Heroku Postgres Production Tier Technical Characterization
Last updated November 27, 2024
Table of Contents
The information in this document is subject to change as Heroku adapts the service to better handle customer database workloads.
Heroku Postgres plans offer different performance characteristics based on their CPU, RAM, and I/O architectures. This article provides a technical description of the implementation of Standard-tier and higher plans, along with important performance characteristics for each plan.
Performance Characteristics
The following table outlines Heroku Postgres Standard-tier and higher plans, along with relevant specifications about the underlying hardware:
Plan | vCPU | RAM | PIOPs | Connection Limit | Disk Size | Burstable Disk/vCPU |
---|---|---|---|---|---|---|
standard-0 premium-0 private-0 shield-0 | 2 | 4 GB | 3000 | 120 | 64 GB | no |
standard-2 premium-2 private-2 shield-2 | 2 | 8 GB | 3000 | 400 | 256 GB | no |
standard-3 premium-3 private-3 shield-3 | 2 | 15.25 GB | 3000 | 500 | 512 GB | no |
standard-4 premium-4 private-4 shield-4 | 4 | 30.5 GB | 3000 | 500 | 768 GB | no |
standard-5 premium-5 private-5 shield-5 | 8 | 61 GB | 4000 | 500 | 1 TB | no |
standard-6 premium-6 private-6 shield-6 | 16 | 122 GB | 6000 | 500 | 1.5 TB | no |
premium-l-6 private-l-6 shield-l-6 | 16 | 122 GB | 6000 | 500 | 2 TB | no |
premium-xl-6 private-xl-6 shield-xl-6 | 16 | 122 GB | 6000 | 500 | 3 TB | no |
standard-7 premium-7 private-7 shield-7 | 32 | 244 GB | 9000 | 500 | 2 TB | no |
standard-8 premium-8 private-8 shield-8 | 64 | 488 GB | 12000 | 500 | 3 TB | no |
standard-9 premium-9 private-9 shield-9 | 96 | 768 GB | 16000 | 500 | 4 TB | no |
premium-l-9 private-l-9 shield-l-9 | 96 | 768 GB | 16000 | 500 | 5 TB | no |
premium-xl-9 private-xl-9 shield-xl-9 | 96 | 768 GB | 16000 | 500 | 6 TB | no |
standard-10 premium-10 private-10 shield-10 | 128 | 1 TB | 32000 | 500 | 8 TB | no |
As of June 29, 2023, we’ve migrated all production-tier databases (Standard, Premium, Private, and Shield) away from burstable disk. All production-tier databases have a baseline performance starting at 3000 PIOPs.
Run the pg:info
command to check whether your Postgres database has an upgrade available:
$ heroku pg:info
=== HEROKU_POSTGRESQL_RED
Plan Standard 4
Status available
All Heroku Postgres plans aside from the Essential tier are single-tenant plans. A customer’s database and related management software are the sole residents of resources on the instance, offering more predictable performance. However, virtualized infrastructure is still subject to some resource contention, and minor performance variations are expected.

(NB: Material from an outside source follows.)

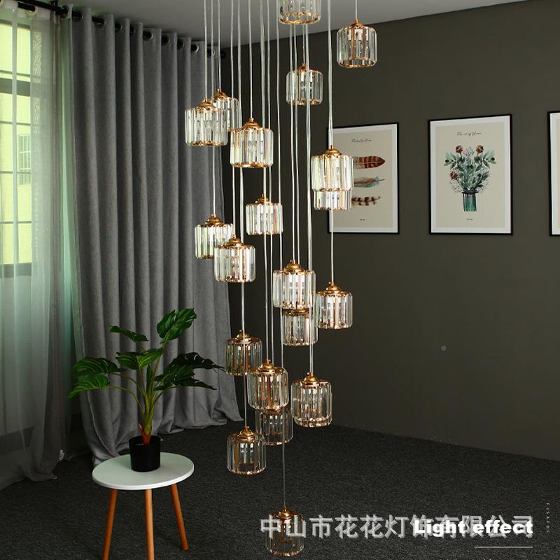 轻复式楼大吊灯客厅简408跃约楼梯间现代别墅中空层大厅后水晶灯

Burstable vCPU Performance
All Heroku Postgres plans come with a baseline level of performance, but standard-0, premium-0, private-0, and shield-0 plans are able to burst past that baseline. Burstable performance plans allow each database to run in isolation as a single-tenant instance. This means that when your database is provisioned, no other customer is running on the same server. When your database bursts for an extended time, it’s brought back to the original baseline level of performance. If a consistent level of performance is needed, a non-burstable Heroku Postgres plan provides fixed levels of performance.
The plan type determines the baseline level of performance:
Plan | Load Average |
---|---|
standard-0 premium-0 private-0 shield-0 | 0.2 |
Each of these plans can burst past these load averages for a short amount of time. If the database has a sustained load over those amounts, however, it’s brought back to the baseline. Load averages can be found in the Heroku Postgres Server metrics, which are part of your application’s logs.
Architecture, vCPU, RAM, and I/O
All Heroku Postgres plans run on 64-bit architectures. This ensures both high performance for internal Postgres operations and interoperability with other features like Forks and Followers across all Standard-tier and higher plans.
vCPU indicates the number of virtual processors on the underlying instance. A larger vCPU count provides higher performance on the virtual server or instance.
RAM is the approximate amount of memory used for data caching. An in-depth discussion on Postgres caching can be found in Understanding Heroku Postgres Data Caching.
All instances are backed by EBS-optimized instances where EBS disks with provisioned IOPs are attached. PIOPs are a measure of how many I/O operations the underlying disks can perform per second. The number of IOPs provisioned for each plan determines its I/O throughput. On write-heavy applications, I/O can be a significant bottleneck, but on read-heavy ones, your hot dataset fits in RAM and can therefore perform well with lower IOPs values.
Data Encryption
All plans are encrypted at rest with AES-256, block-level storage encryption. Amazon manages the keys, and individual volume keys are stable for the lifetime of the volume. You can find more details about EBS encryption here. Heroku doesn’t encrypt anything for you at the Postgres level, so if you wish to encrypt, you can use the PGCrypto extension for your own encryption.
All backup files that are taken using Heroku PGBackups are stored in an encrypted S3 bucket in the US region.